Correspondence to Anna E Ssentongo; [email protected]
Strengths and limitations of this study
The systematic review and meta-analysis will update the available evidence on mortality and morbidity risk associated with whole blood use compared with component therapy in treating life-threatening bleeding.
We adhered to Preferred Reporting Items for Systematic Reviews and Meta-Analyses Protocols guidelines to ensure transparency of the study.
Between-study heterogeneity is a limitation. We will use random-effects meta-regression models to characterise the sources of heterogeneity.
Introduction
Over the past three decades, there is a renewed interest in using whole blood (WB) to manage patients with life-threatening bleeding. Robertson initially established the foundation for blood transfusions for traumatic injuries during the First World War when blood banking during military combat became available.1 However, civilian establishment of organised blood banking lagged by several decades and became readily accessible during the Second World War. Stored WB was the mainstay of transfusion through the beginning of the Vietnam era. In 1965, during the Vietnam War, blood component therapy was introduced, and by the 1970s, WB resuscitation had nearly ceased.2 Component therapy, including packed red blood cells (PRBC), fresh frozen plasma (FFP) and platelets (PLT), has been adopted as the gold standard for both military and civilian trauma resuscitation.

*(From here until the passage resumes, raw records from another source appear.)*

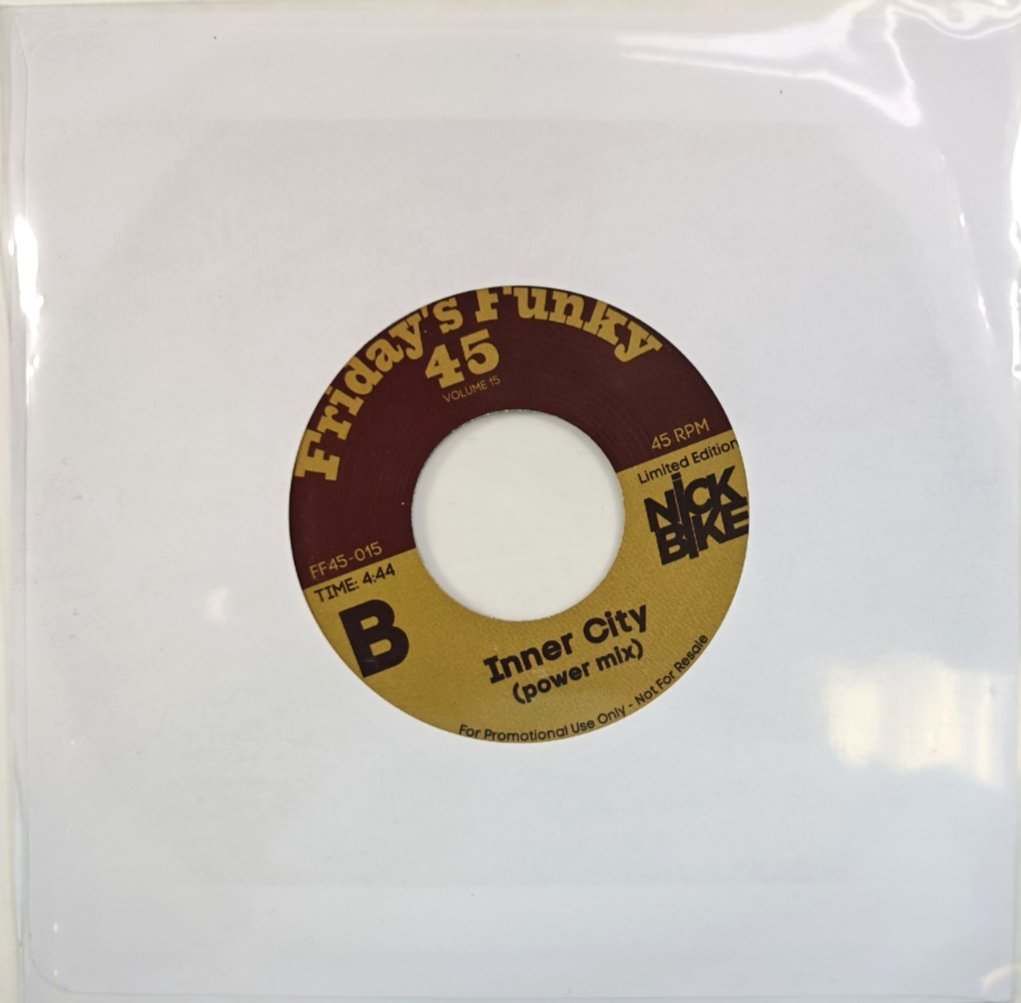 A transatlantic collab that flips classic hip-hop and soul into dancefloor dynamite. Jim Sharp and Nick Bike rework Inner City with razor-sharp edits and heavyweight funk, delivering two versions that hit hard in DJ sets and boutique bins alike. Pressed on limited 7″ vinyl by Friday’s Funky 45, this release (FF45 015) is a must-grab for crate diggers chasing modern funk with vintage swagger.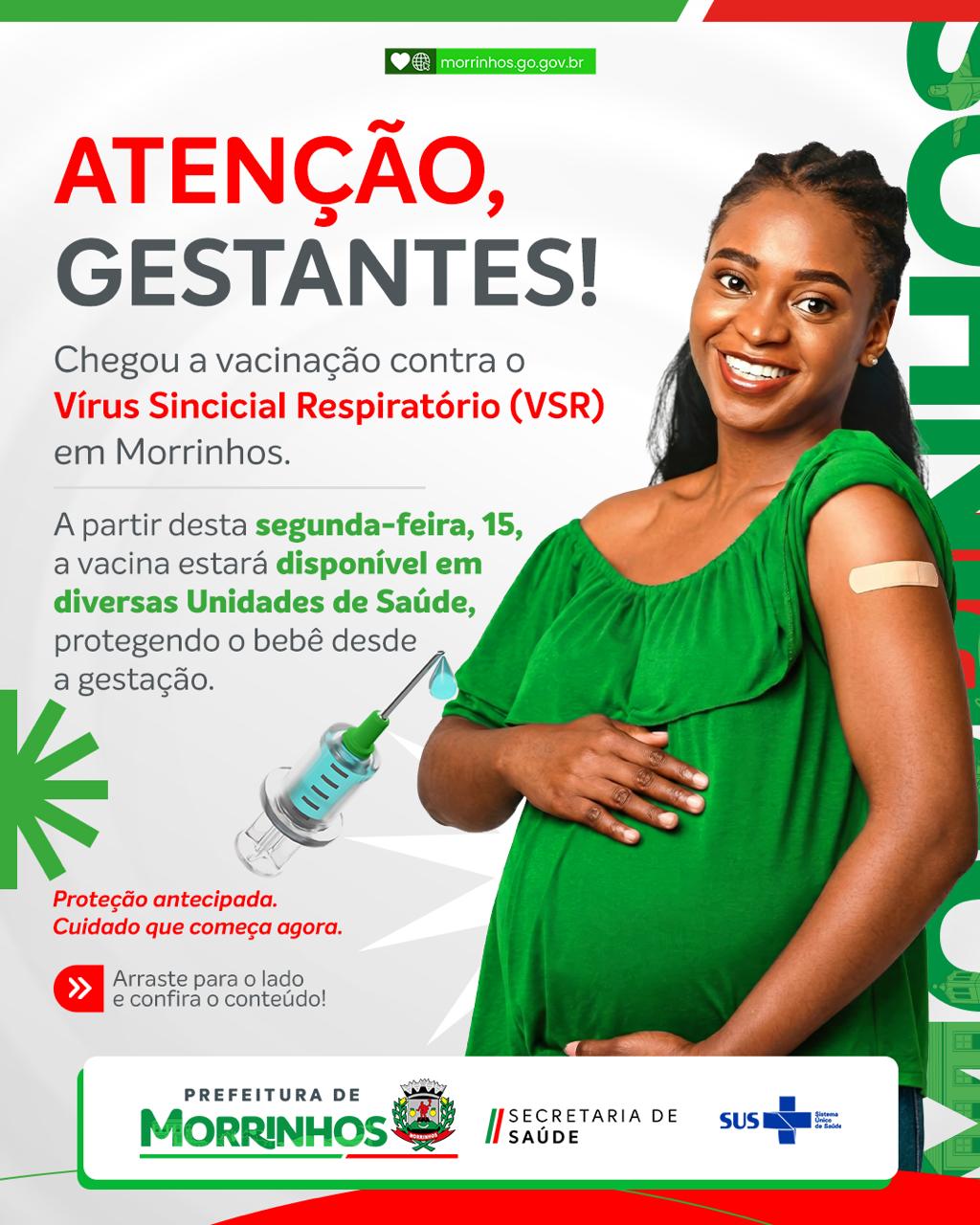 #Morrinhos Prefeitura de Morrinhos inicia vacinação de gestantes para proteger bebês contra a bronquiolite A Prefeitura de Morrinhos, por meio da Secretaria Municipal de Saúde, iniciou nesta segunda-feira (15) a vacinação de gestantes a Adagmar / 3 semanas Comment (0)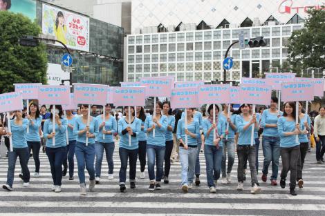☆人気アイドルグループ・AKB48が27日、37枚目のシングル「心のプラカード」を発売し、東京・渋谷駅周辺で発売記念イベントが開催された。正午すぎ、渋谷駅前のスクランブル交差点に突如、「ピアノができるようになりたい」「UKに行きたい」といった本音を綴ったプラカードを掲げた女性20人が出現。2列に整列して行進すると、物珍しさに通行人が写真撮影するなど大賑わいを見せた。 渋谷パルコ公園通り広場には、総選挙上位3人の渡辺麻友・指原莉乃・柏木由紀の等身大パネルも登場し、疑似2ショットを撮影できる「なんちゃって2ショット写真会!」を実施。吹き出し入りの2ショットのポラロイド写真に、ファンは「今度ケーキ食べにいこ!」「いいね!」といったメンバーとの「なんちゃってトーク」を書き込んで楽しんだ。 同所にはほかに、まゆゆが同曲のMVで着用した衣装や、音楽番組で高橋みなみが実際に使用した直筆の「激ヤセ否定」プラカードなど、ファンならずとも楽しめる品々を展示。集まったファンや通行人から「本物?」「すごい!」といった歓声があがっていた。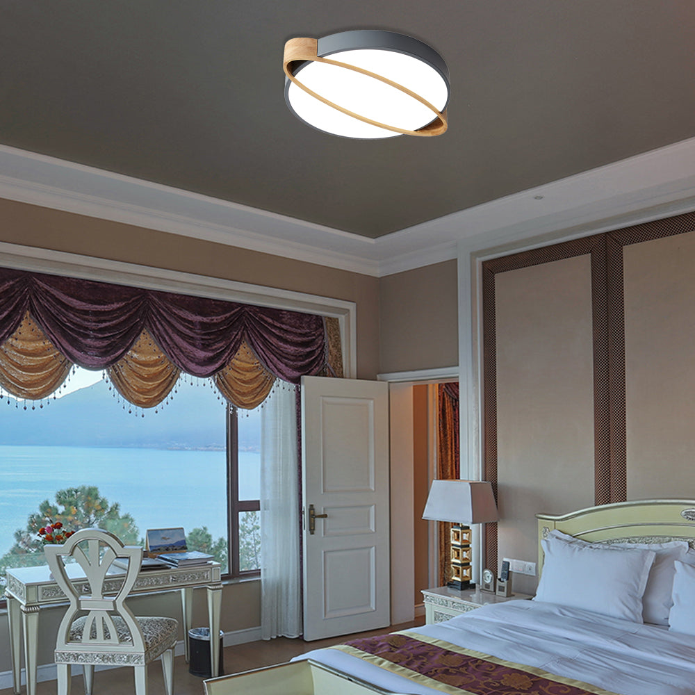 Nordic Acrylic Ceiling Mount Lamp With Led Flushmount Lighting In White/Green/Grey Oval Wood Insert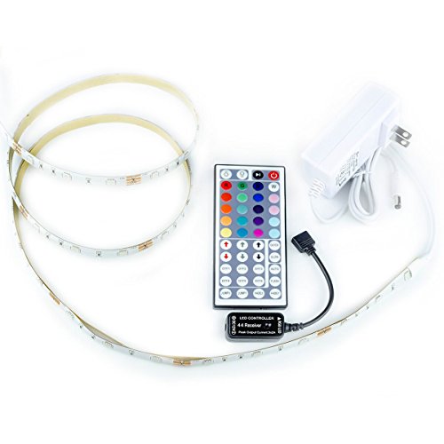HitLights Weatherproof LED Light Strip Starter Kit - RGB Multicolor SMD 5050 - 16.4 Ft Roll, 44 Key Controller and Power Supply - 150 LEDs, IP-65 - Color Changing LED Tape Light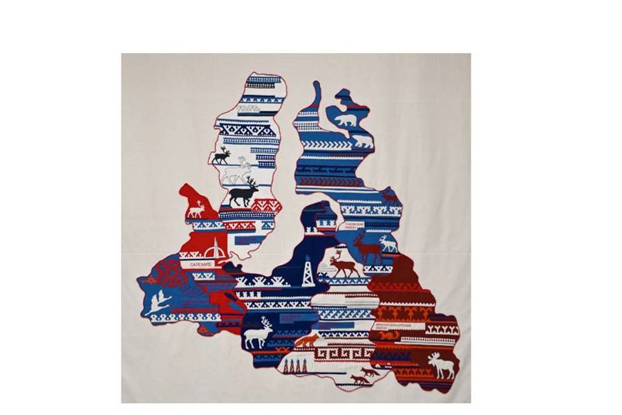 Вышитая карта Ямало-Ненецкого автономного округа.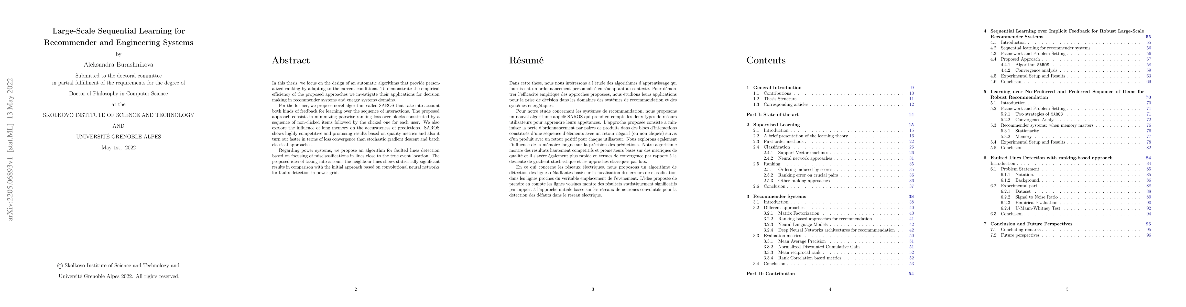 A new algorithm called SAROS is proposed for recommender systems, achieving highly competitive results and faster loss convergence than traditional approaches. Another algorithm detects faults in power grids with improved accuracy by focusing on misclassifications of nearby lines.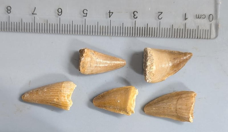 FIVE 70 MILLION YEAR OLD FOSSIL MOSASAUR TEETH FROM MOROCCODug Out Of The Phosphate Mines In Morocco. Mosasaur'S Grew To Twenty Metres In Length With A Two Metre Mouth And Were Apex Predators That Would Have Terrorised The Cretaceous Seas. In One Of The Jurassic Park MoviesA Mosasaur Jumps Out Of A Theme Park Aquarium And Eats A Shark Whole.Condition: Good - Refer Images584556+5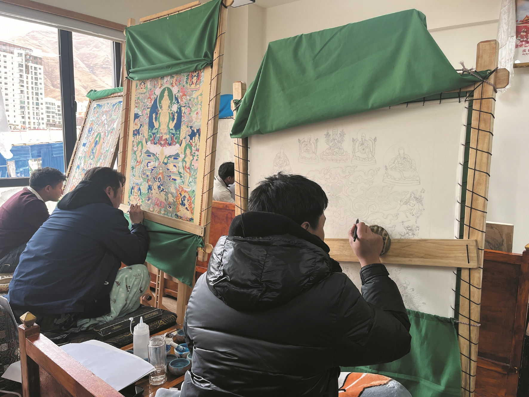 圖為(wei) 學生們(men) 正在畫唐卡。拉薩融媒記者 莫瑞英攝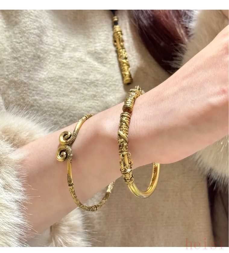 2. "复古/老款式:" 受到90后、00后追捧,带有岁月痕迹的粗圆条、扁镯、平安镯等,设计更质朴或加入少量复古元素。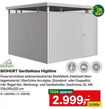 Biohort gerätehaus highline Aktion bei Lagerhaus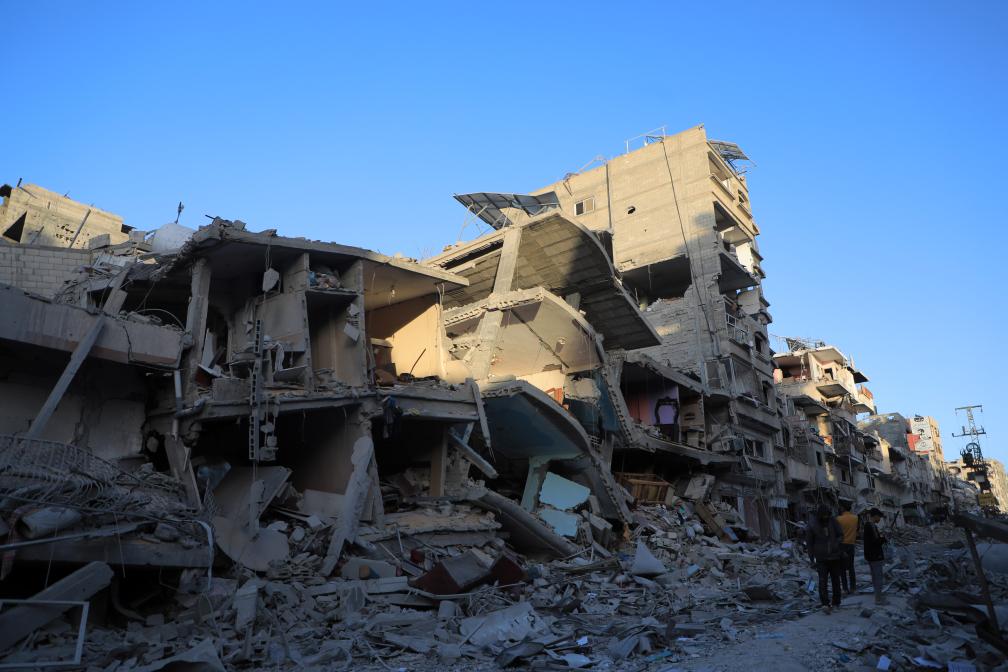 3月6日,在加沙地带南部城市汗尤尼斯,人们经过建筑废墟。新华社发(里泽克·阿卜杜勒贾瓦德摄)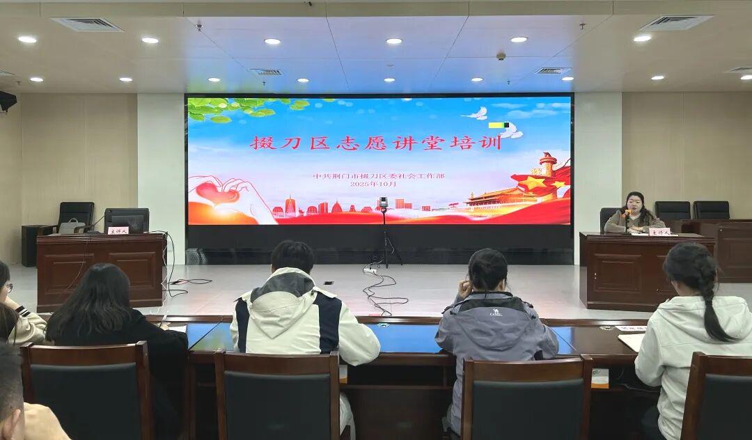 10月23日,荆门市掇刀区委社会工作部举办首期志愿讲堂培训。各镇(街道)分管负责人、区直单位代表、村(社区)志愿工作骨干等百余人参加培训。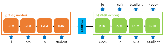 디코더 : 인코더로부터 전달받은 벡터를 이용해 W,X,Y,Z + <EOS>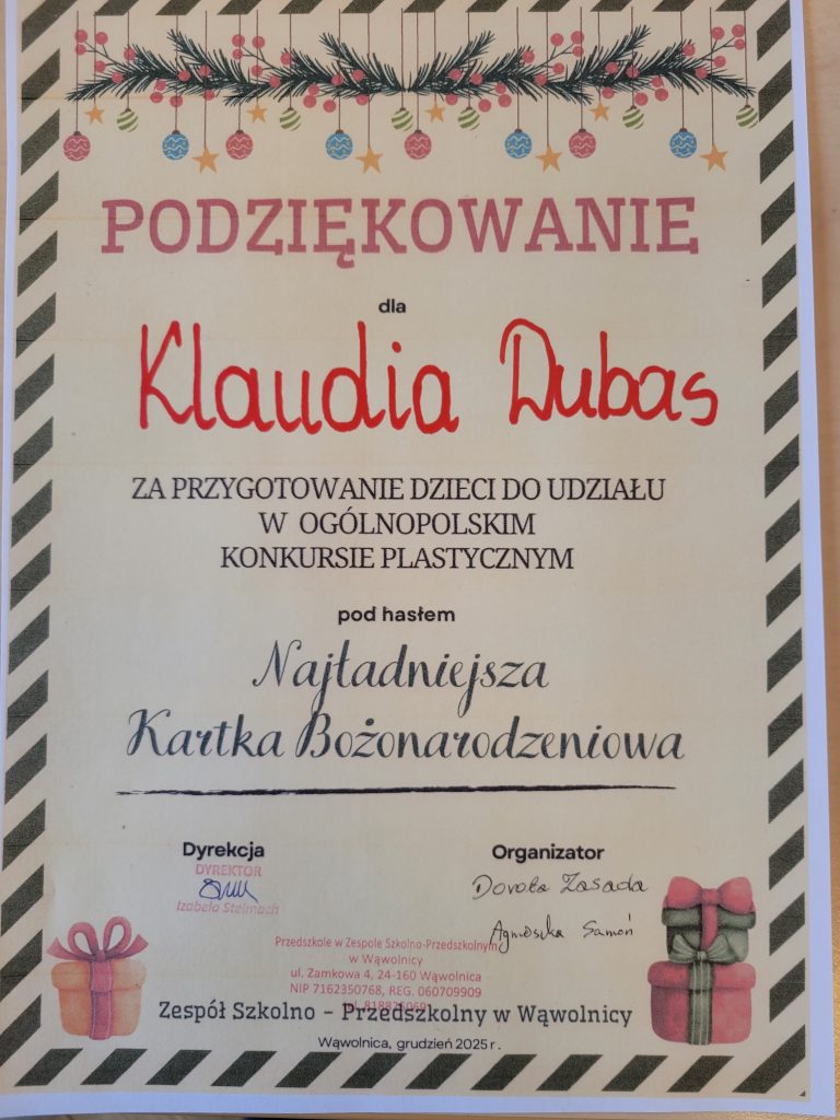 Bartosz F. z gr. VII oraz Michał G. z gr. IX wzięli udział w ogólnopolskim konkursie plastycznym pn. „Najładniejsza Kartka Bożonarodzeniowa”. Organizator konkursu: Zespół Szkolno – Przedszkolny w Wąwolnicy.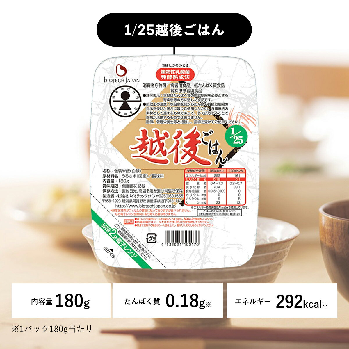 腎臓病食 低たんぱく米 1/25越後ごはん 1ケース(180g×20パック) 国産 低たんぱく食品 低タンパク米 低たんぱく ごはん 低たんぱくごはん 腎臓病レトルト食 バイオテックジャパン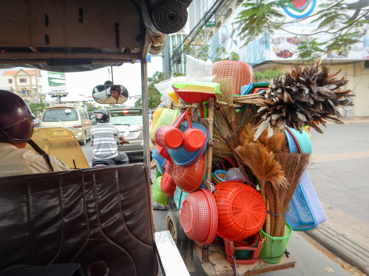 Phnom Penh is the capital city of Cambodia with a population of about 2 million people. The city has a lot of French influence with nice wide streets and a lot of colonial style buildings, but as with many SE Asian cities it is VERY busy! Our trip from the airport in a tuk-tuk is very entertaining as our driver weaves in an out of traffic – often facing motorbikes that are traveling the wrong direction on our side of the street, and some of the most congested traffic I have seen. It is a good thing that the streets are so wide, because some of the maneuvers that we see on the streets here would not at all be possible in the more tightly packed streets of Thai cities.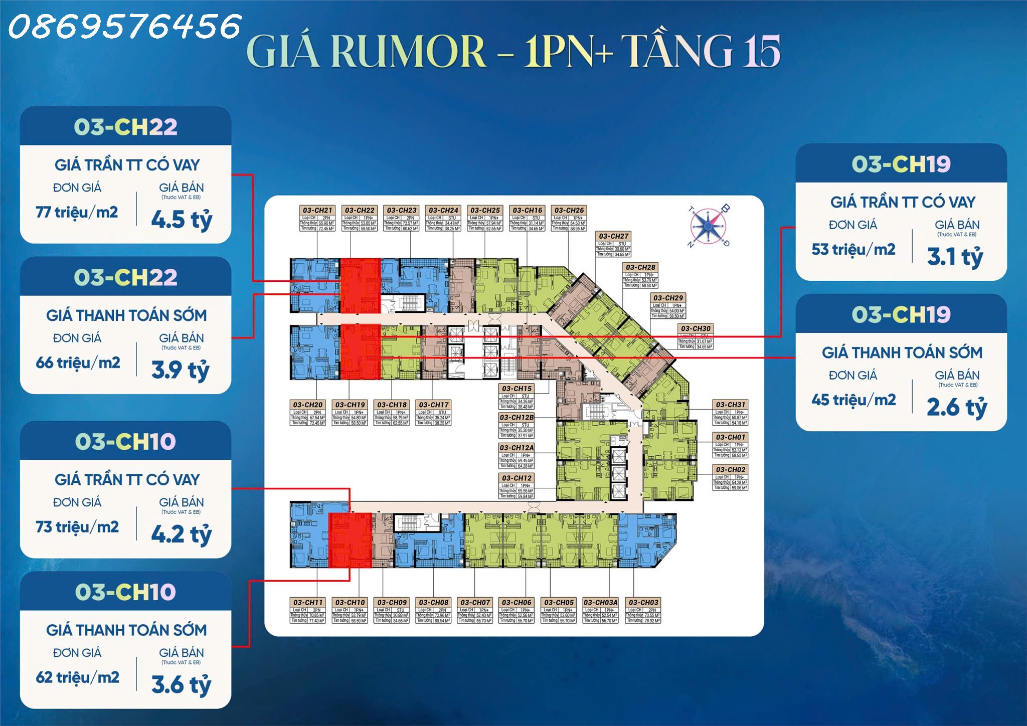 Căn 1 PN+: có DT từ 58 mét, Đơn giá: từ 45 đến 53 triệu/mét.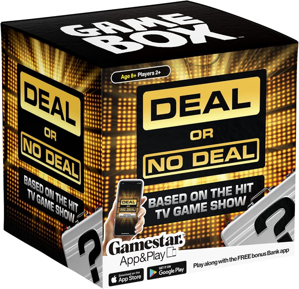 Bring the hit game show home or on the go and play with friends and family. Get ready for the anticipation and excitement as you take chances. Which case will you pick? What will you choose when the Banker asks, “Deal or No Deal?” This deluxe game box includes 26 Briefcase Cards, 26 Cash Cards, 1 Bank Offer Guideline Card, 1 Wipeable Board, 1 Dry-Erase Pen, and Instructions. Made for 2+ players. For extra fun, download the free Gamestar+ App with sound effects straight from the show and extra features!

Strategies in component resuscitation have evolved over the past several decades, with the adoption of damage control resuscitation (DCR). DCR principles include early administration of blood products in a balanced ratio, prevention and correction of coagulopathy, and minimisation of crystalloid fluid resuscitation.3 Typical initial resuscitation using a massive transfusion protocol uses component therapy from universally compatible donors before laboratory testing. The concept of a balanced component resuscitation that supports achieving haemostasis with transfusion of PRBC, FFP and PLT that approximates WB has been largely supported by recent evidence.4 5 While component therapy has dominated civilian resuscitation of haemorrhagic shock, fresh WB (stored at 22°C for 24 hours) has continued to be used in military trauma resuscitation in austere environments where the storage of component therapy is unavailable. In fact, over 6000 units of type-specific warm fresh WB were transfused during the Iraq and Afghanistan conflicts to patients with severe haemorrhage, and these patients showed increased 24-hour and 30-day survival and decreased transfusion requirements.6 7 However, warm fresh WB still only comprised 4% of transfusions during this era, reflecting the current practice of using component therapy when available.6
Civilian interest in the use of WB for resuscitation of traumatic haemorrhagic shock has resurged in the past decade. Unlike in austere military environments, civilian usage of WB has been in the form of cold-stored WB, stored for up to 21 days between 1°C and 6°C. Stored WB has an established safety profile; over 350 000 units were transfused during the Vietnam war with low rates of haemolysis.8 Low-titre, leucocyte-reduced, PLT-sparing group O WB has been used in several small series at three level 1 trauma centres in the USA with initial published data suggesting a trend towards decreased transfusion requirements, but studies have been small and underpowered to detect a survival benefit.9 10 However, these studies did establish a safety profile for the practice of transfusing group O WB, with no reports of transfusion reactions or differences in serum haptoglobin as a marker of haemolysis.10 11 The risk of haemolysis caused by the transfusion of group O low-titre WB to a non-group O recipient is low.8 12
There has been preliminary investigation by one series into coagulation markers as assessed by thromboelastography, with improvement in markers of coagulopathy seen in groups receiving WB and PLT transfusion.13 However, there still remains a paucity of literature assessing the effects of WB in the resuscitation of haemorrhagic shock on mortality, total transfusion requirements and need for damage control. Systematic reviews assessing the effect of WB transfusion versus component therapy on outcomes have limitations, including selection bias, age groups studied, limited outcomes assessed and did not address sources of heterogeneity in results using random-effects meta-regression and subgroup analyses.14–16 In this study, we seek to fill this gap by evaluating mortality rates and identifying potential complications of WB transfusion, including haemolysis and thrombotic events. We propose to assess sources of heterogeneity (which are very common in meta-analysis) through random-effects meta-regression and subgroup analyses.
Objectives
This study aims to present a protocol for systematic review and meta-analysis to compare 24-hour and 30-day survival in WB use and component therapy for haemostatic resuscitation of major bleeding.
Specific aims
Compare differences between 24-hour and 30-day survival in groups of patients receiving WB or blood components (pRBC, PLT and FFP).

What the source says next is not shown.